De minderjarige is sinds september 2018 uit huis geplaatst en woont sinds 31 maart 2019 in een perspectief biedend pleeggezin. Het doel van zowel de ondertoezichtstelling als de uithuisplaatsing, te weten het toewerken naar een terugplaatsing van de minderjarige bij de ouders, kan op dit moment niet meer worden bereikt. De aanvaardbare termijn is naar het oordeel van het hof verstreken. De vader berust in het feit dat de minderjarige bij de pleegouders op zal groeien maar de moeder wenst de verzorging en opvoeding van de minderjarige weer op zich te nemen. Er is naar het oordeel van het hof geen basis voor een terugplaatsing van de minderjarige bij de moeder maar de moeder berust daar niet in. Voortzetting van het verblijf van de minderjarige in het vrijwillig kader is om die reden geen optie. Juist deze minderjarige heeft, gezien haar persoonlijke problematiek, belang bij rust en duidelijkheid over haar toekomstperspectief. De jaarlijkse verlengingen van de ondertoezichtstelling en de uithuisplaatsing waar de minderjarige gezien haar leeftijd ook zelf meer bij betrokken zou gaan worden, zijn gezien het voorgaande belastend voor haar.
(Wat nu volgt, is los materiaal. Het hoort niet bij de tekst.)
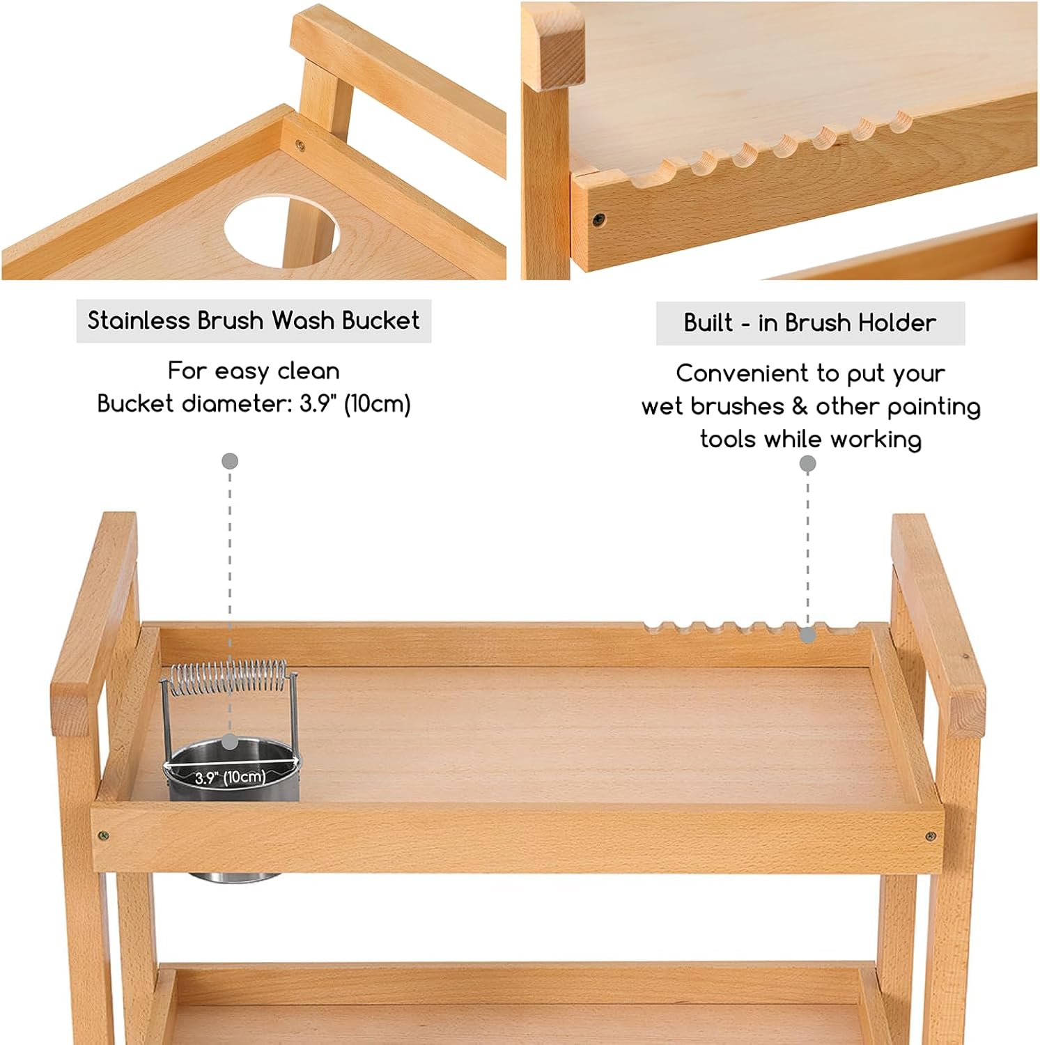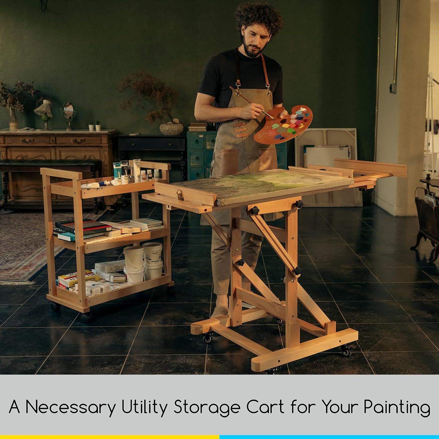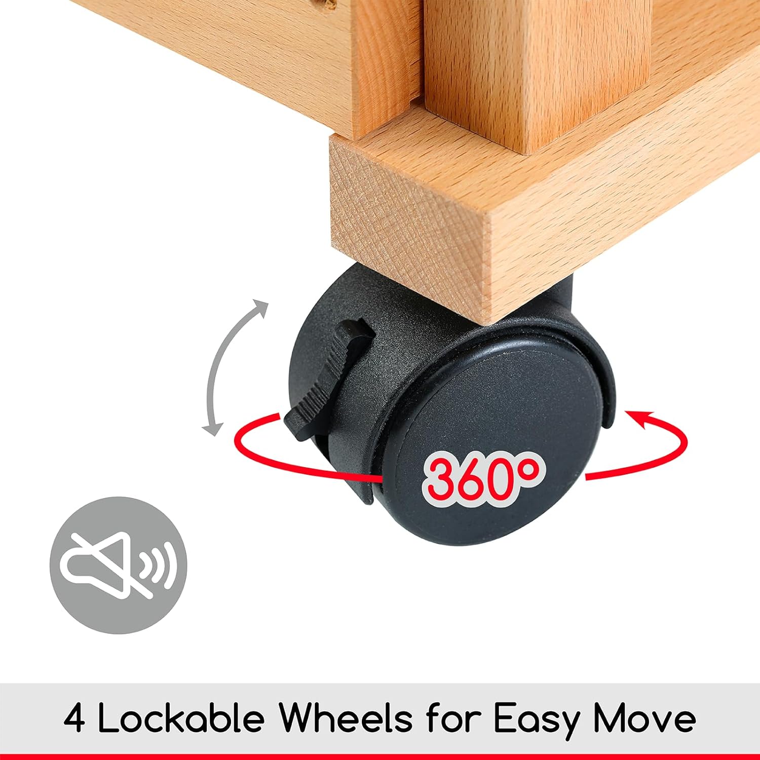 • SOLID BEECHWOOD STUDIO ART CART: The wood storage trolley art cart in size 35'' x 28-1/3'' x 15-3/4'', made of solid beechwood, natural, light-weight, and sturdy. It can hold weight up to 88lbs. Oil finished surface is super smooth and ZERO-glitch. Hand-sanded corners and edges provide maximum security.

De minderjarige heeft aangegeven graag in het pleeggezin te willen blijven wonen.
De moeder doet er verstandig aan, zoals door de raad is betoogd, om zich meer op de omgang met de minderjarige te richten teneinde haar rol als moeder zo goed mogelijk te vervullen.
5.4
Uit het voorgaande volgt dat de wettelijke gronden voor een beëindiging van het gezag van de ouders over de minderjarige aanwezig zijn, zodat het hof de bestreden beschikking zal vernietigen voor zover aan het oordeel van het hof onderworpen.
6. De beslissing
Het hof, beschikkende in het hoger beroep:
vernietigt de beschikking van de rechtbank Rotterdam van 24 februari 2022, voor zover aan het oordeel van het hof onderworpen, en (in zoverre) opnieuw beschikkende:
beëindigt het gezag van de vader en de moeder over de minderjarige [minderjarige] , geboren op [geboortedatum] 2012 te [geboorteplaats] ;
benoemt de gecertificeerde instelling Willam Schrikker Stichting Jeugdbescherming & Jeugdreclassering te Amsterdam tot voogd over voormelde minderjarige;
verzoekt de griffier krachtens het bepaalde in het Besluit gezagsregisters een afschrift van deze uitspraak toe te zenden aan de griffier van de rechtbank Rotterdam, afdeling civiel recht, team familie- en jeugdrecht, ter attentie van het openbaar register;
verklaart deze beschikking (tot zover) uitvoerbaar bij voorraad.
Deze beschikking is gegeven door mrs. A.E. Sutorius-Van Hees, A. Zonneveld en L.C.A. Verstappen, bijgestaan door A.J. Suderée als griffier, en is op 23 november 2022 uitgesproken in het openbaar in tegenwoordigheid van de griffier.